FGV board says internal audit committee found "contraventions" not PwC

PETALING JAYA: Felda Global Ventures Holdings Bhd today clarified that potential contraventions of group policies were unearthed by the group's internal audit and not external auditor PricewaterhouseCoopers (PwC) as stated by its chairman Tan Sri Isa Samad at a press conference yesterday.

Isa had claimed that PwC found the alleged improprieties in the dealings between Delima Oil Products Sdn Bhd and Safitex Trading LLC.

In a statement released by the board earlier however, it stated that PwC highlighted the issue of the long outstanding debts of US$8.3 million by Safitex which led to an impairment exposure in its statutory financial audit for the financial year ended Dec 31, 2015, dated Feb 18, 2016.

"This matter has been continuously reported in PwC's subsequent quarterly review reports. Since then, management had continuously represented that the balance would be fully recoverable.

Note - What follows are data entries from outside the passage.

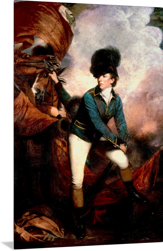 <p>XCF30346 Colonel Banastre Tarleton (1754-1833) 1782 (oil on canvas) by Reynolds, Sir Joshua (1723-92); 236.2x145.4 cm; National Gallery, London, UK; (add. info.: uniform of the British Legion or Tarleton's Green Horse); English, out of copyright</p>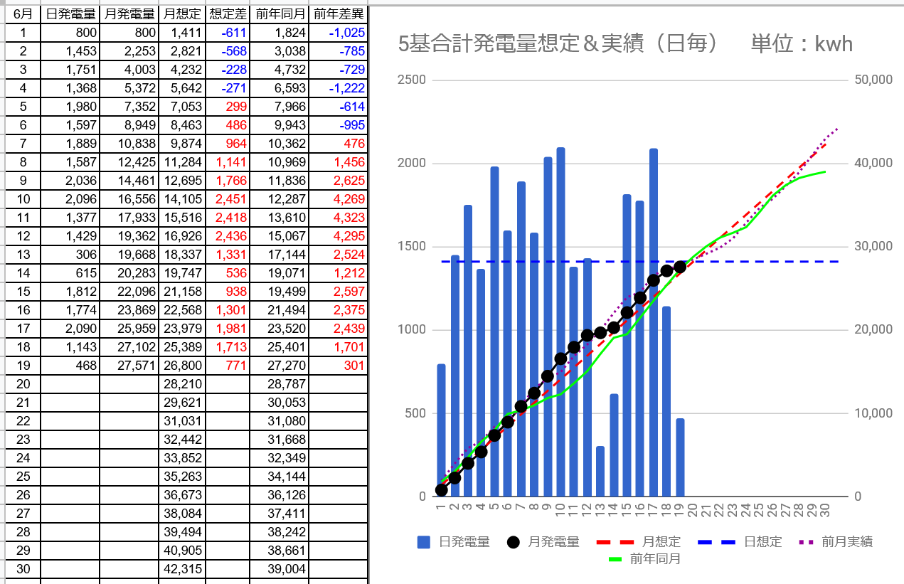 6/18の5基合計の発電量は1,143kWh(日想定差-268kWh)、6/19は468kWh(日想定差-942kWh)でした。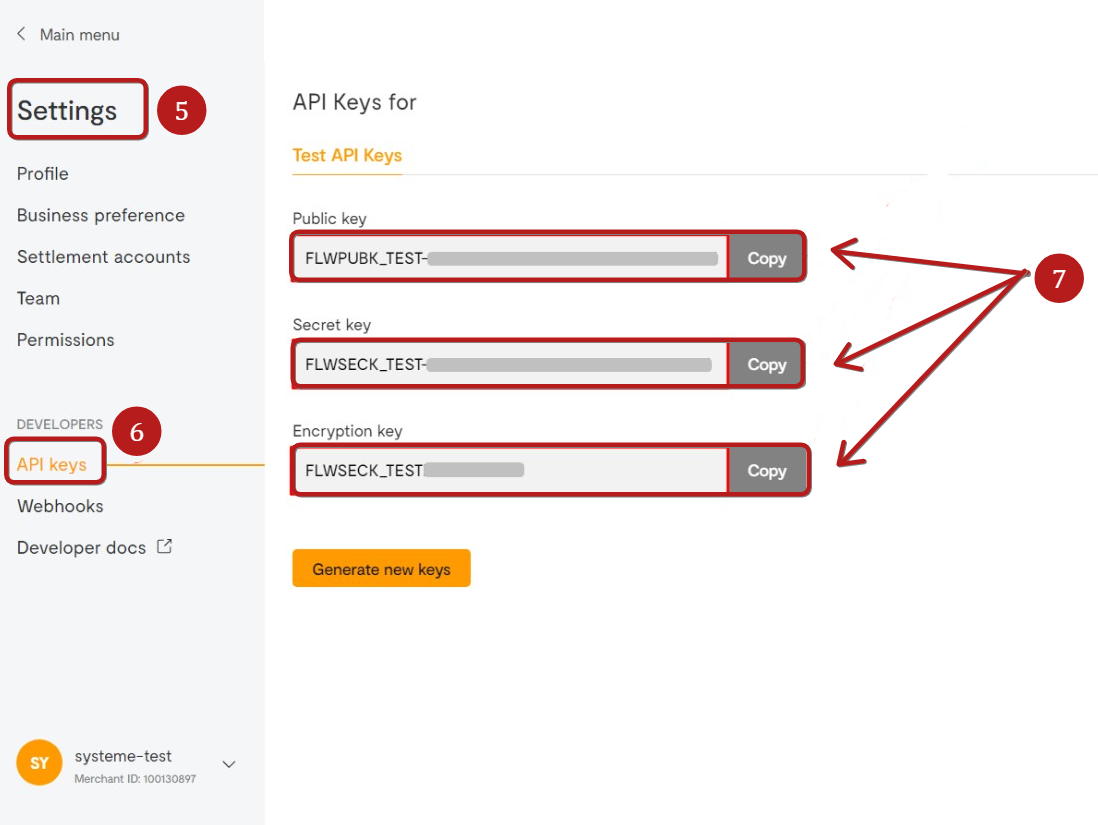 Альтернативно, ви можете увійти у свій обліковий запис і перейти на https://app.flutterwave.com/dashboard/settings/apis/live, щоб згенерувати та скопіювати API ключі.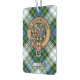 Campbell crest badge surrounded by a strap and buckle over dress tartan background. Custom text on both sides.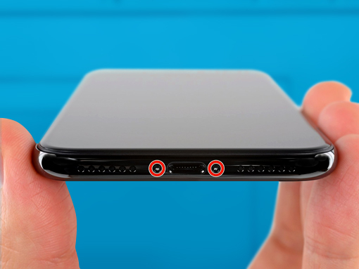Ta loss de två 6.9mm pentalobe-skruvarna som sitter på bottenkanten av iPhone.

Instead, the balance subsequently increased to US$11.7 million and exceeded the allocated credit limit per PwC's statutory financial audit for the financial year ended Dec 31, 2016 which was reported to the Audit Committee on Feb 17, 2017," the board said.

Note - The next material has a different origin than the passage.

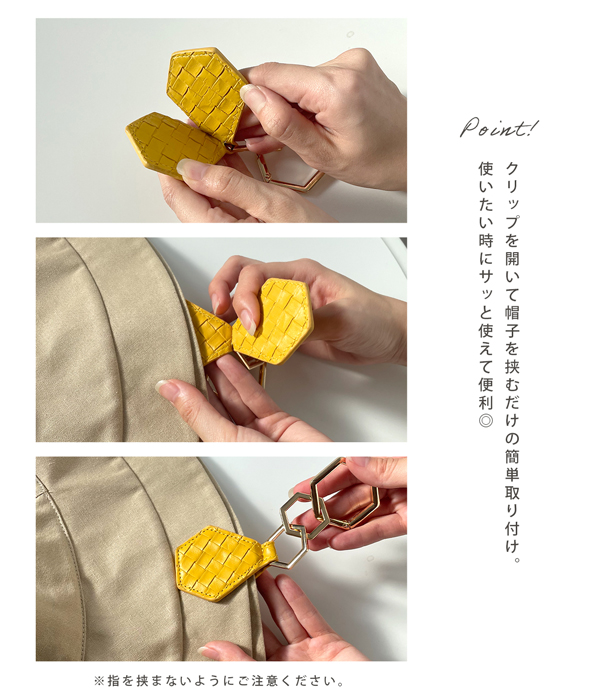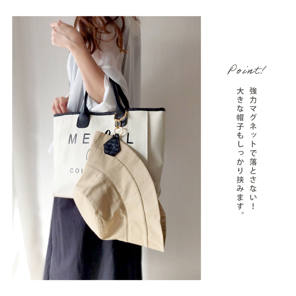 外出先での帽子や手袋をバッグに下げて持ち歩けます!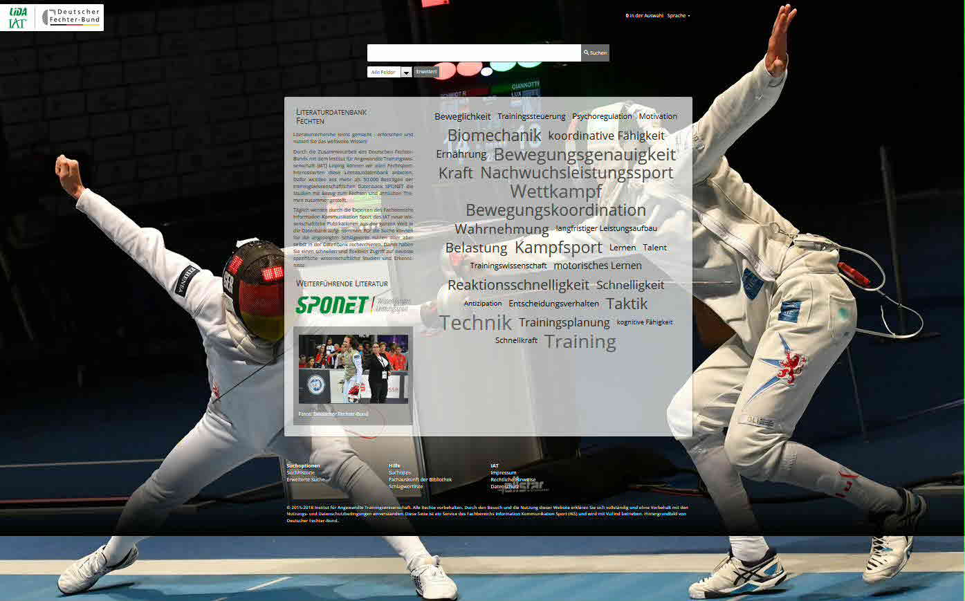 Durch die Zusammenarbeit des Deutschen Fechter-Bunds mit dem Institut für Angewandte Trainingswissenschaft (IAT) Leipzig können wir allen Fechtsport-Interessierten diese Literaturdatenbank anbieten. Dafür wurden aus mehr als 50.000 Beiträgen der trainingswissenschaftlichen Datenbank SPONET die Studien mit Bezug zum Fechten und ähnlichen Themen zusammengestellt.

The transactions with Safitex involved the sale of edible oil and fats to Dubai-based Safitex meant for delivery to the Afghanistan market.

Three months after the report on April 20, 2017, the board instructed group's internal audit to carry out an investigation of this matter and detected potential contraventions of group policies, out of which a decision was made by the board to request four senior officers to go on leave of absence.